Volvía de Santa Gertrudis, a casa, por la carretera de Sant Mateu. Atardecía y la música que sonaba en la radio del coche, de una emisora local, acompañaba perfectamente el momento. Lo envolvía como para regalo. El cielo era rojo fuego y al final de los campos llanos se silueteaban en negro los árboles. Como recortables. Como si fueran de cartulina. Aminoré la marcha aprovechando que no circulaban coches. Por esa pequeña carretera sólo íbamos el atardecer, la música y yo.

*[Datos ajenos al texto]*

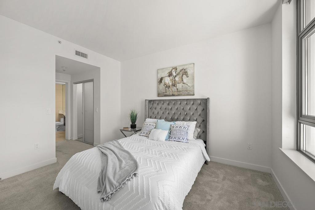 Capture the best of Downtown San Diego living in this 6th-floor, west-facing Aria residence. Enjoy city views and sunset skies from your private balcony. Inside, this spacious one-bedroom features modern "Woodacres Oak" luxury vinyl flooring, abundant natural light, and an open layout ideal for both relaxation and entertaining. The kitchen impresses with stainless appliances, recessed lighting, quartz counters and a stylish eat-at bar with a waterfall edge that is perfect for casual dining. The bedroom offers comfort and privacy with an ensuite bathroom and generous closet space. Added conveniences include in-unit stackable washer/dryer and a secured parking space. Perched in the highly sought-after Cortez Hill neighborhood, residents enjoy a serene, residential atmosphere just minutes from Downtown San Diego’s premier dining, shopping, cultural attractions, and the vibrant Gaslamp Quarter. Discover modern luxury living in one of Downtown’s most charming and well-connected communities. Located atop Cortez Hill, the highest point in San Diego, Aria was completed in 2008 and comprises 137 units. This prime location is set away from the city's hustle and bustle, offering both tranquility and convenience. Residents can enjoy a short stroll or drive to Balboa Park and the vibrant offerings of Downtown San Diego, coupled with excellent freeway access for broader travels. Aria residences boast spacious outdoor balconies and terraces, enhancing the living experience with modern comforts and stunning views of the bay, Balboa Park, and the city skyline. The building's amenities include a fitness center, lap pool and spa, club room with a catering kitchen and wet bar, all designed to elevate the quality of life for its residents.

Al girar alguna curva dejaba de ver esa maravilla de cielo y entonces con prisa, para no perdérmelo, aceleraba. De nuevo recuperaba la inmensidad de ese cielo rojo que en algunos puntos tornaba casi a granate y en otros a naranja, a rosa, a carmín. Por la derecha, por el norte, llegaron lentas unas nubes planas, horizontales y finas, como dibujadas con rotulador. Líneas lilas, moradas y negras que se agrandaban, al sur, hasta difuminarse en la nada. Por un momento ocuparon todo el horizonte. Poco a poco, las líneas se fueron ensanchando hasta parecer pintadas a brochazos. Intercalando los colores, mezclándose. Cuánta belleza.

Mientras seguía conduciendo, muy lento y sin quitar ojo, pensaba que el cielo no podía estar más bonito. Pero me equivocaba. Sí que lo podía estar. Increíblemente, todo podía ser aún más bello. Mucho más bello. Los brochazos morados se fueron separando y entre ellos apareció la Luna. Luna creciente. Un semicírculo blanco, inmaculado y brillante. El fondo, detrás de ella, era azul mar. El rojo fuego quedó más abajo, pegado al horizonte. Las nubes de brocha gorda, moradas con trazos negros, siguieron separándose y entre ellas, en línea con la Luna, apareció Venus y más abajo Júpiter. Como dos luceros. Como dos diamantes. ¡Cuánta maravilla junta!

Una curva pronunciada me llevó al norte. Me alejó de aquel cielo casi hipnótico, pero me llevó a otro cielo igual de impactante. El cielo al norte era completamente diferente. Era otro cielo. Nada que ver con el anterior. Era un cielo verde. Verde oliva, verde olivo, verde bosque y negro. Los diferentes tonos se mezclaban y se dibujaban entre trazos de amarillo y ocre. Nunca había visto el cielo así. Tan extraño, tan verde y luminoso.

Me hizo ilusión pensar que pudiera ser el reflejo lejano del ansiado rayo verde. «¿Lo será?». Al llegar a casa busqué la descripción que hace Julio Verne de este fenómeno. Explica que cuando el sol ya se ha escondido y el cielo está despejado, se puede llegar a ver un último rayo que no será rojo, como cabría esperar, sino verde. Y dice así: «Un maravilloso rayo verde, de un color, que no hay pintor que pueda reproducirlo en su paleta, y que la propia naturaleza no ha repetido ni en los diversos tonos de las plantas, ni en el color más transparente de los mares. Si existe el verde en el paraíso, no puede ser más que este verde, que es sin duda, el verdadero verde de la esperanza».

Ante esa alineación de planetas, ante ese cielo rojo y morado y negro y carmín. Ante ese extraño cielo verde. Ante tanta maravilla regalada, curiosamente me sentí importante. Curiosamente, digo, porque es habitual en mí sentirme pequeña ante la naturaleza, pero esta vez fue distinto. Me sentí grande, importante, simplemente por existir. Por tener el privilegio de ser espectadora de tantísima belleza.